During mid-2015 the Australian government made much of forming a new and closer relationship with Singapore, a nearby northern neighbour. Around the same time an Op Ed article by Singapore’s High Commissioner in Canberra made much of the ‘special relationship’ between the two countries and, indeed, they have a lot in common. Sadly, however, what they don’t share is the ability to engage in high quality risk assessment and horizon scanning. Known simply as RAHS, the program exists not as a poorly funded marginal unit buried in the depths of some remote bureaucracy but as an essential component of the Singapore Government. In fact the office where it resides was deliberately positioned right next to the Prime Minister’s office. Which tells us a lot about that government’s view of the centrality of high quality, purposeful, foresight. By contrast in Australia we have a right-wing government that retains an irrational and Pollyanna-ish belief in the power of markets to resolve a great many issues and problems. This is despite the fact that market-led ‘solutions’ have proved disastrous in so many different contexts.

It is long past due that the civil administration of this country re-engages with and learns from earlier foresight-related work (including that of our own much maligned Commission for the Future) and from contemporary Institutions of Foresight around the world. Viable futures do not arise autonomously – they require sustained work over time and wide public involvement. They have to be discerned, negotiated, worked toward and eventually achieved. There are no quick fixes – especially in light of two significant shifts have occurred over recent decades. First, and for good reason, the shared image of the future has become progressively darker and more Dystopian.

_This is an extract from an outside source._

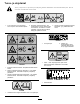 99–5172 107-2915 1. Takertumisvaara, akseli – pidä sivulliset turvallisen etäisyyden päässä koneesta. 117–4979 1. Takertumisvaara, hihna – pysy etäällä liikkuvista osista. Pidä kaikki suojukset ja suojalevyt paikoillaan. 107-2926 1. Silpoutumisvaara, siipipyörä – pysy etäällä liikkuvista osista. 2. Esineiden sinkoutumisvaara – pidä sivulliset turvallisen matkan päässä koneesta. 105–9553 93–7301 1. Vaara – lue käyttöopas. 2. Kaatumisvaara – laske leikkuuyksikkö, kun ajat rinnettä alas.

Second, given the magnitude and nature of global forces that are clearly at work in the world, the near-term future looks increasingly turbulent and unstable. It’s simply not credible to deny either of these facts. Yet that’s what happens each day in government and in commerce. The passivity of government and the unjustified self-belief of engineers, marketers and IT gurus reinforces the view that we can somehow buy, consume or innovate our way forward. This view permeates contemporary culture. The error is compounded by the withdrawal, or cocooning, of whole populations from the dynamic and demanding reality that surrounds them.

Our collective failure to re-engage in the multi-faceted tasks of cultural and generational renewal suggests to me that viable, sustainable and humanly compelling futures will not be easily achieved. We are certainly kidding ourselves if we think that Australia can secure any sort of future worth having by sticking with the familiar refrain of ‘lifestyle in – tonnage out’. The penny has not really dropped anywhere that the high-tech consumerist future we are being groomed to accept actually undermines any real prospect of liveable futures. But this kind of in-depth interrogation of choices and options is largely absent from our national conversation, discourse and life. We can do better than this.

(C) Richard Slaughter. July 2015.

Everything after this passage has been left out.